Dataset records
◆ ◆ ◆ ◆
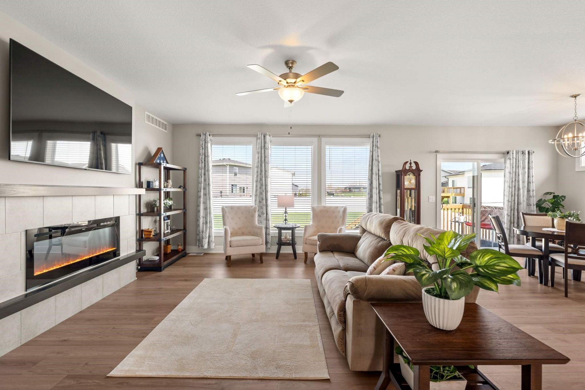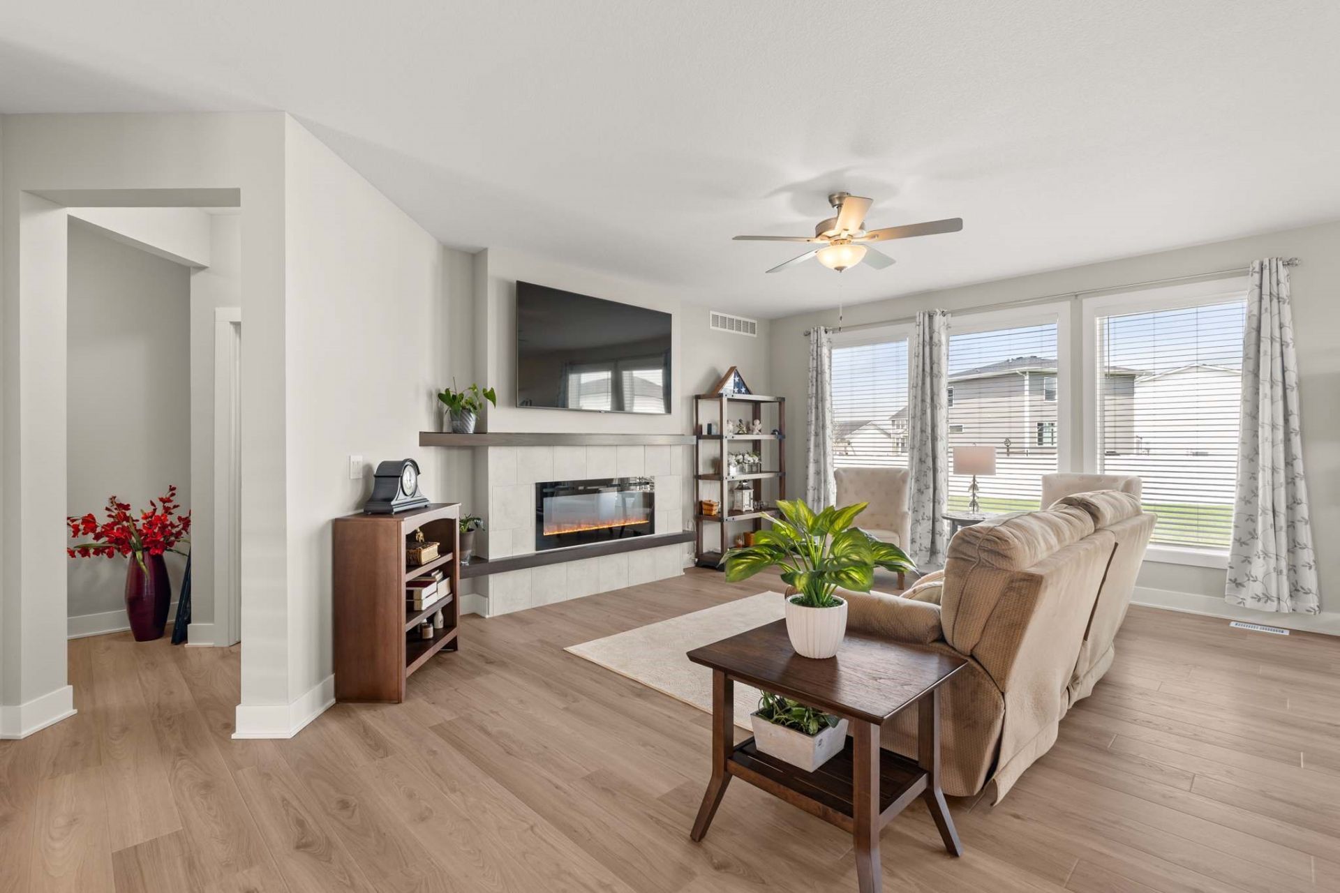 Like new, but better! No wait, added expense, or unfinished details. This raised ranch offers a large, flat backyard fully enclosed with a white vinyl privacy fence. Step inside through the double door entry to a light-filled, open-concept layout featuring a spacious great room with a triple bank of oversized windows, 9' ceilings, and a sleek linear electric fireplace. Natural light continues with transom windows in the dining area and primary suite. The kitchen features white cabinets, quartz countertops, a large island, and pantry. The private primary suite includes dual vanities, a tile shower, and a walk-in closet, with secondary bedrooms on the opposite side, creating a true owner's retreat. Additional highlights include a drop zone with bench, pass-through laundry to the primary closet, finished lower level with family room, bedroom, bath, and plenty of storage. Located near bike trails and Barrett Boesen Park with its NatureScape Playground.
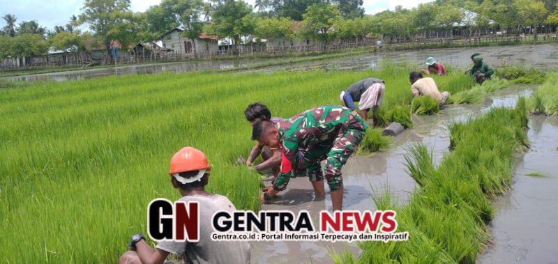 NTT – Sumba Timur.  Dalam rangka mendukung program ketahanan pangan nasional serta mempercepat masa tanam padi, Babinsa Koramil 06/Karera Kodim 1601/Sumba Timur, Pratu Aldit Amah, melaksanakan pendampingan kepada petani dengan membantu mencabut bibit padi di Desa Praimadita, Kecamatan Karera, Kabupaten Sumba Timur, pada Minggu (25/01/2026).
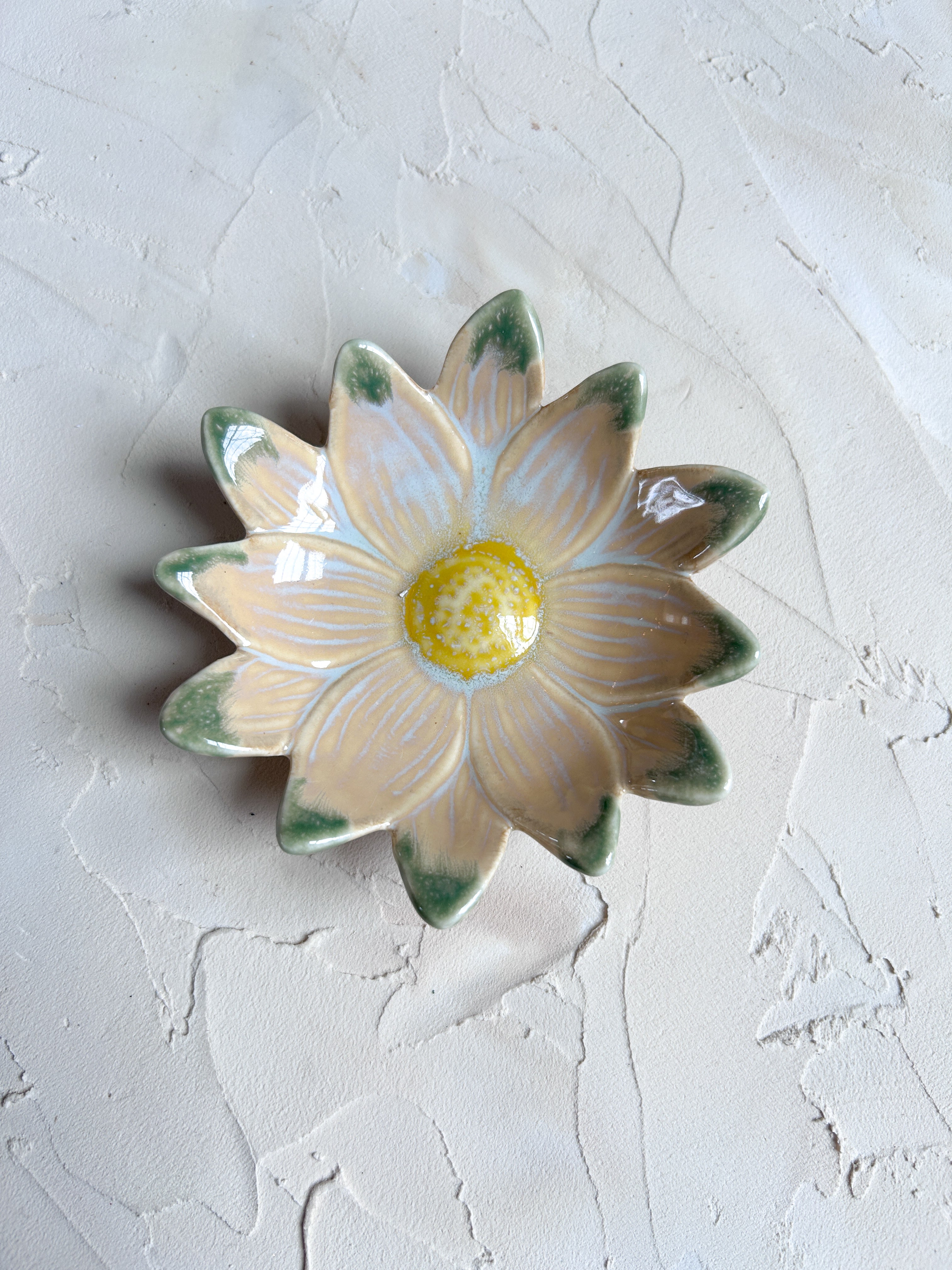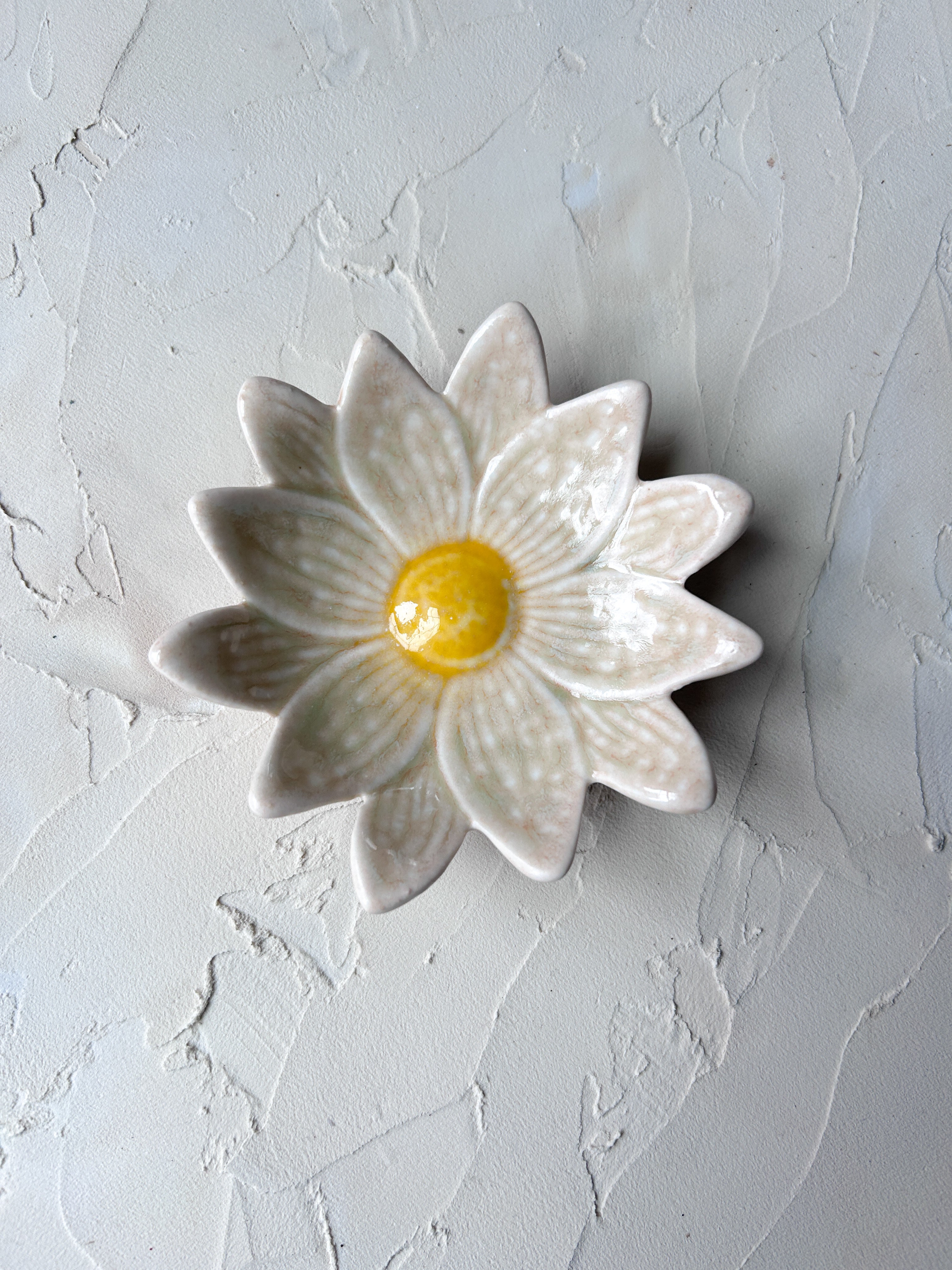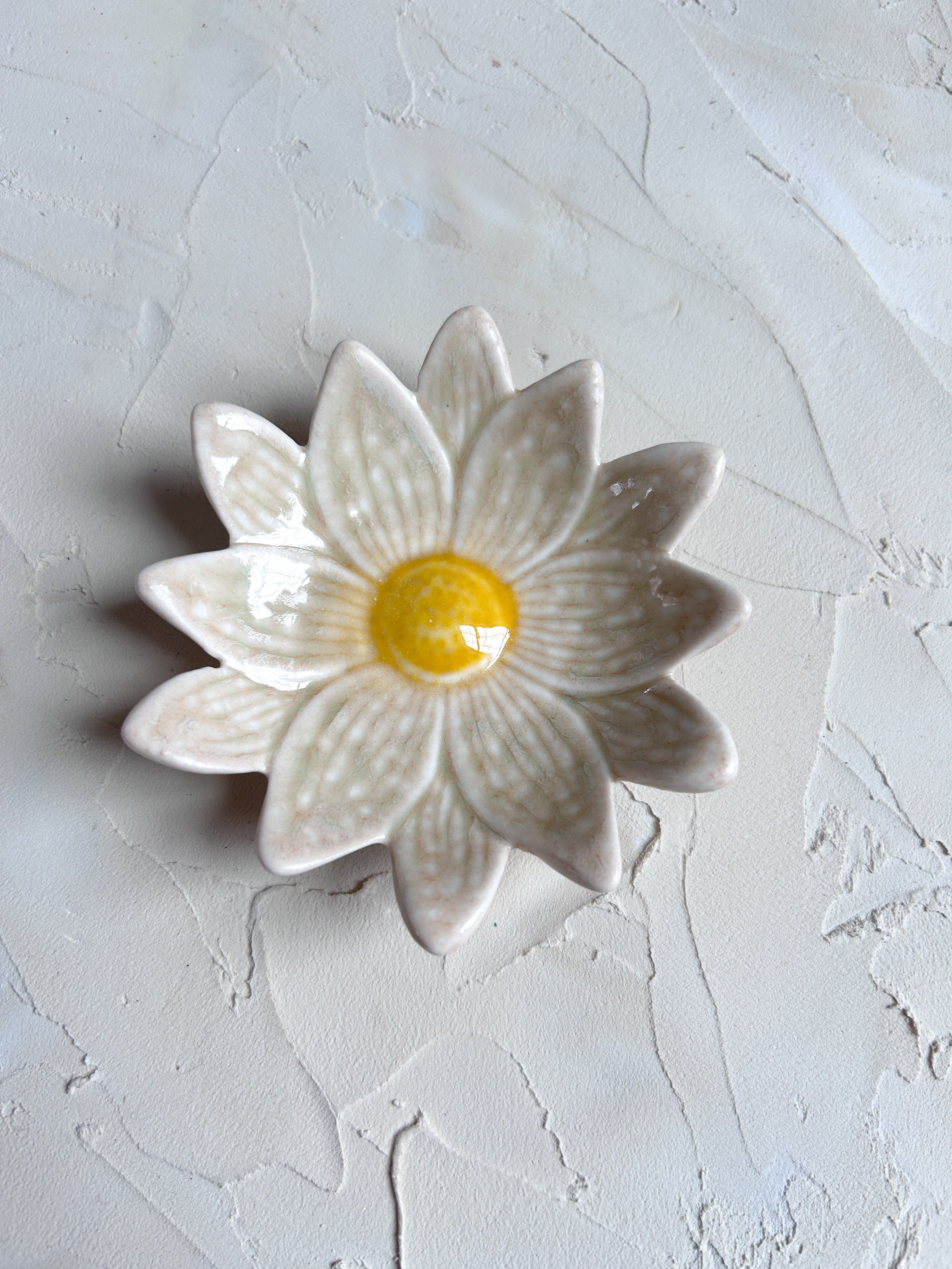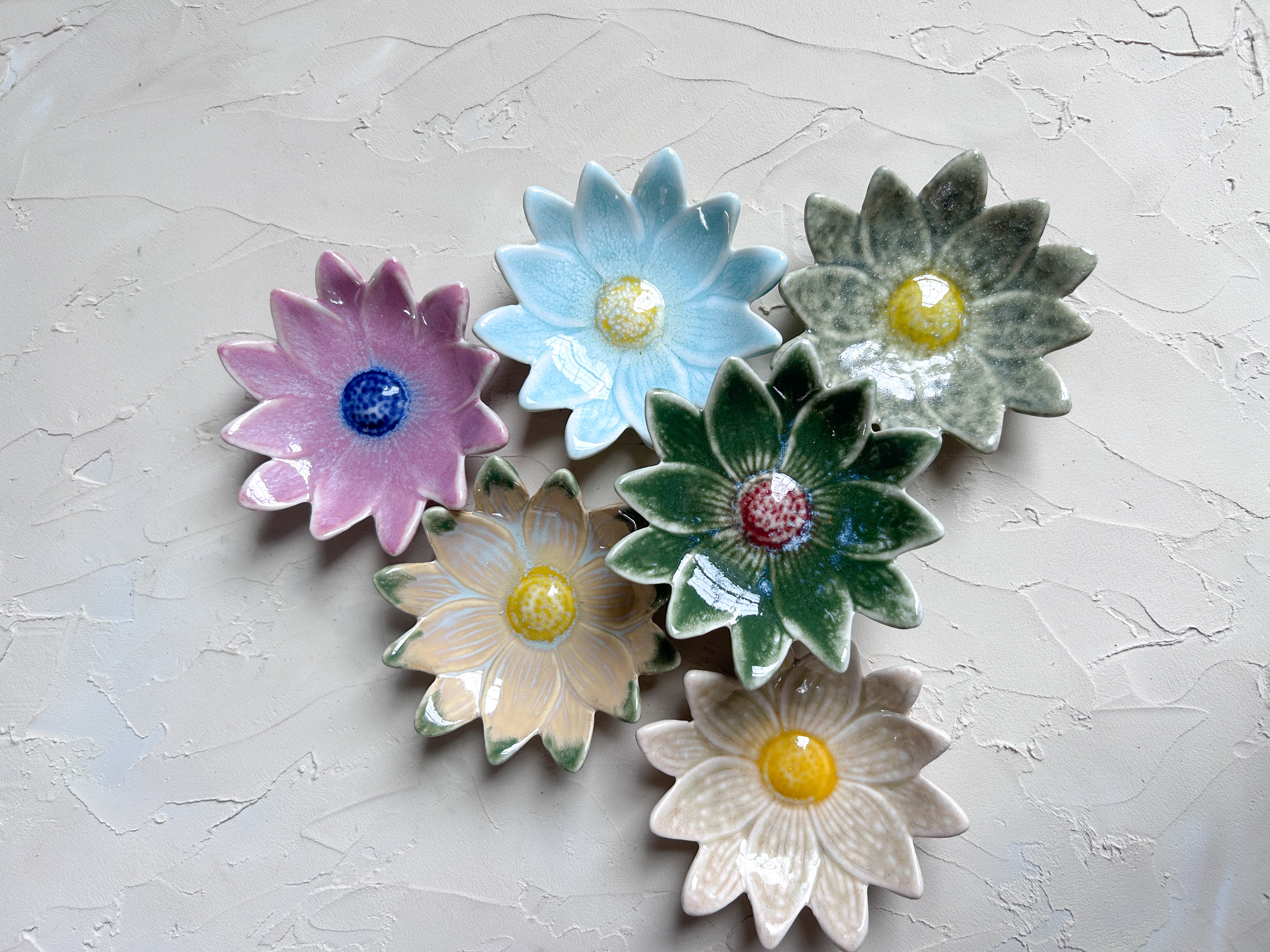 Sold Individually...These sweet Ditzy Flower dishes bring a cheerful, garden-inspired touch to your table. Each dish features a blooming daisy design with softly scalloped petals and a glazed center that adds a playful pop of color, making every piece feel a little special. Perfect for holding snacks, desserts, jewelry, or small everyday essentials, they’re easy to mix and match for a collected look that feels relaxed and thoughtful. Sold individually, they’re ideal for building a set over time, mixing colors, or adding a single floral accent to a table, vanity, or shelf. Check out our full Ditzy Floral Collection, here!
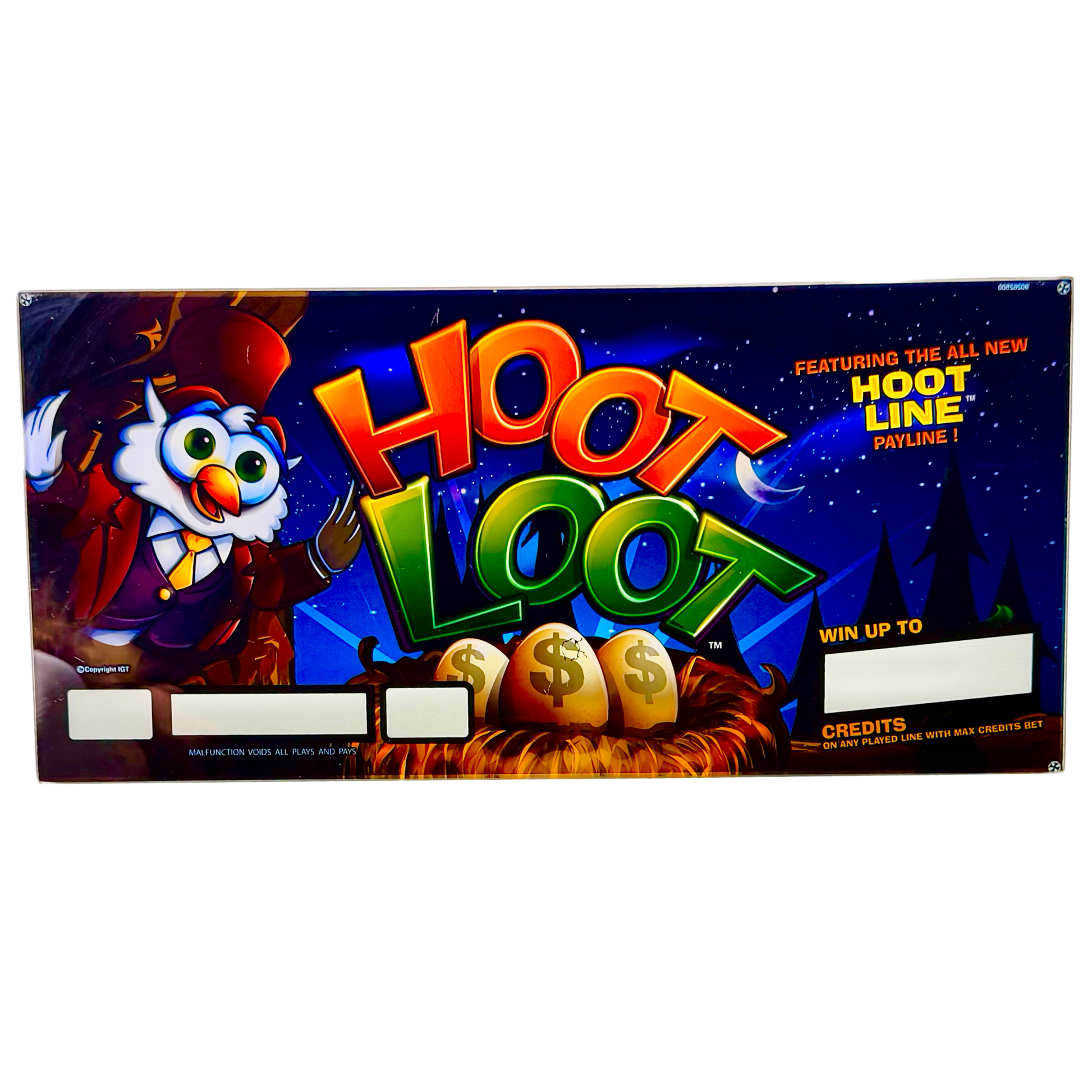 The Hoot Loot Slot Glass is a lively and whimsical piece featuring a charmingly dressed owl, complete with a top hat and suit, adding a playful touch of sophistication. Set against a nighttime forest backdrop with glowing dollar-sign eggs in a nest, the design brings an air of mystery and fortune. The bold, colorful typography enhances the fun, making this a standout piece for collectors, casino décor enthusiasts, or those who appreciate lighthearted and nostalgic gaming art. Perfect for adding a quirky yet classic charm to any space.
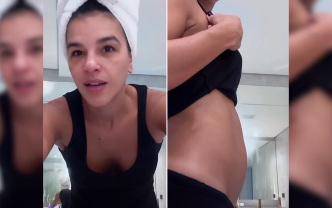 Em um vídeo publicado no Instagram, ela mostrou sua silhueta alterada pelos efeitos do tratamento hormonal e comparou o inchaço abdominal a uma “barriga de grávida”.
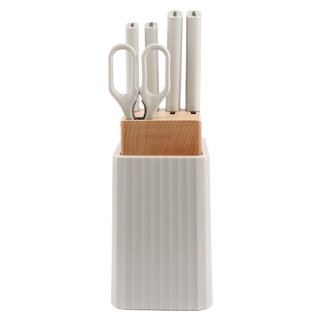 - Includes a 10cm paring knife, 10cm vegetable knife, 17cm Santoku knife, 21cm chef’s knife, and kitchen scissors with an integrated nutcracker
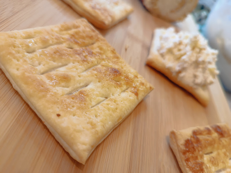 Bake in a static oven, (I wanted to try in a multi-purpose air oven, ha ha… my puff pastry squares were beautiful, but they flew lightly in the oven). Fill the squares with the ricotta cream and cover, dust with powdered sugar
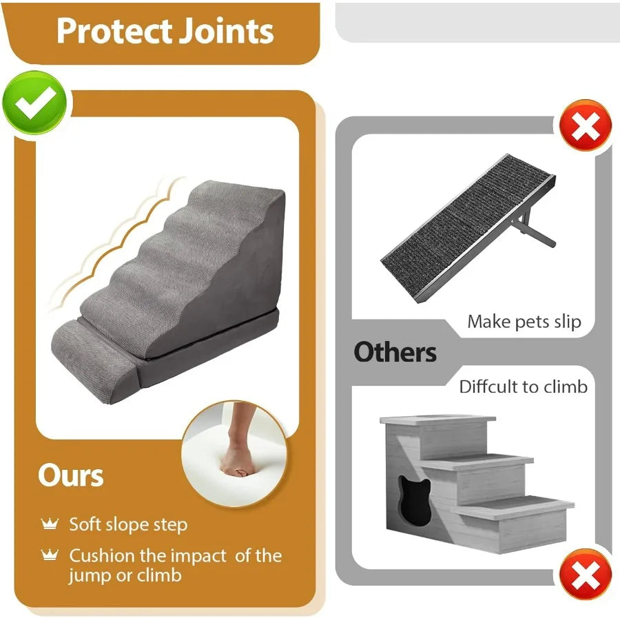 Anti-Slip & Stable: Our pet stairs are made of high-density sponge, which is molded in one piece to ensure stability and prevent collapsing. 35° slope design, reducing the burden on your dog's legs, allowing your beloved pet to climb the slope with ease. The smooth inclination angle is convenient for short-legged dogs such as corgis, dachshunds, pugs, and bulldogs, as well as elderly dogs
◆ ◆ ◆ ◆
▸ **WORK REQUEST**
Transcribe each line above verbatim, with the pictures left out.

▸ **OUTPUT FOR THIS EXERCISE**
 Like new, but better! No wait, added expense, or unfinished details. This raised ranch offers a large, flat backyard fully enclosed with a white vinyl privacy fence. Step inside through the double door entry to a light-filled, open-concept layout featuring a spacious great room with a triple bank of oversized windows, 9' ceilings, and a sleek linear electric fireplace. Natural light continues with transom windows in the dining area and primary suite. The kitchen features white cabinets, quartz countertops, a large island, and pantry. The private primary suite includes dual vanities, a tile shower, and a walk-in closet, with secondary bedrooms on the opposite side, creating a true owner's retreat. Additional highlights include a drop zone with bench, pass-through laundry to the primary closet, finished lower level with family room, bedroom, bath, and plenty of storage. Located near bike trails and Barrett Boesen Park with its NatureScape Playground.
 NTT – Sumba Timur.  Dalam rangka mendukung program ketahanan pangan nasional serta mempercepat masa tanam padi, Babinsa Koramil 06/Karera Kodim 1601/Sumba Timur, Pratu Aldit Amah, melaksanakan pendampingan kepada petani dengan membantu mencabut bibit padi di Desa Praimadita, Kecamatan Karera, Kabupaten Sumba Timur, pada Minggu (25/01/2026).
 Sold Individually...These sweet Ditzy Flower dishes bring a cheerful, garden-inspired touch to your table. Each dish features a blooming daisy design with softly scalloped petals and a glazed center that adds a playful pop of color, making every piece feel a little special. Perfect for holding snacks, desserts, jewelry, or small everyday essentials, they’re easy to mix and match for a collected look that feels relaxed and thoughtful. Sold individually, they’re ideal for building a set over time, mixing colors, or adding a single floral accent to a table, vanity, or shelf. Check out our full Ditzy Floral Collection, here!
 The Hoot Loot Slot Glass is a lively and whimsical piece featuring a charmingly dressed owl, complete with a top hat and suit, adding a playful touch of sophistication. Set against a nighttime forest backdrop with glowing dollar-sign eggs in a nest, the design brings an air of mystery and fortune. The bold, colorful typography enhances the fun, making this a standout piece for collectors, casino décor enthusiasts, or those who appreciate lighthearted and nostalgic gaming art. Perfect for adding a quirky yet classic charm to any space.
 Em um vídeo publicado no Instagram, ela mostrou sua silhueta alterada pelos efeitos do tratamento hormonal e comparou o inchaço abdominal a uma “barriga de grávida”.
 - Includes a 10cm paring knife, 10cm vegetable knife, 17cm Santoku knife, 21cm chef’s knife, and kitchen scissors with an integrated nutcracker
 Bake in a static oven, (I wanted to try in a multi-purpose air oven, ha ha… my puff pastry squares were beautiful, but they flew lightly in the oven). Fill the squares with the ricotta cream and cover, dust with powdered sugar
 Anti-Slip & Stable: Our pet stairs are made of high-density sponge, which is molded in one piece to ensure stability and prevent collapsing. 35° slope design, reducing the burden on your dog's legs, allowing your beloved pet to climb the slope with ease. The smooth inclination angle is convenient for short-legged dogs such as corgis, dachshunds, pugs, and bulldogs, as well as elderly dogs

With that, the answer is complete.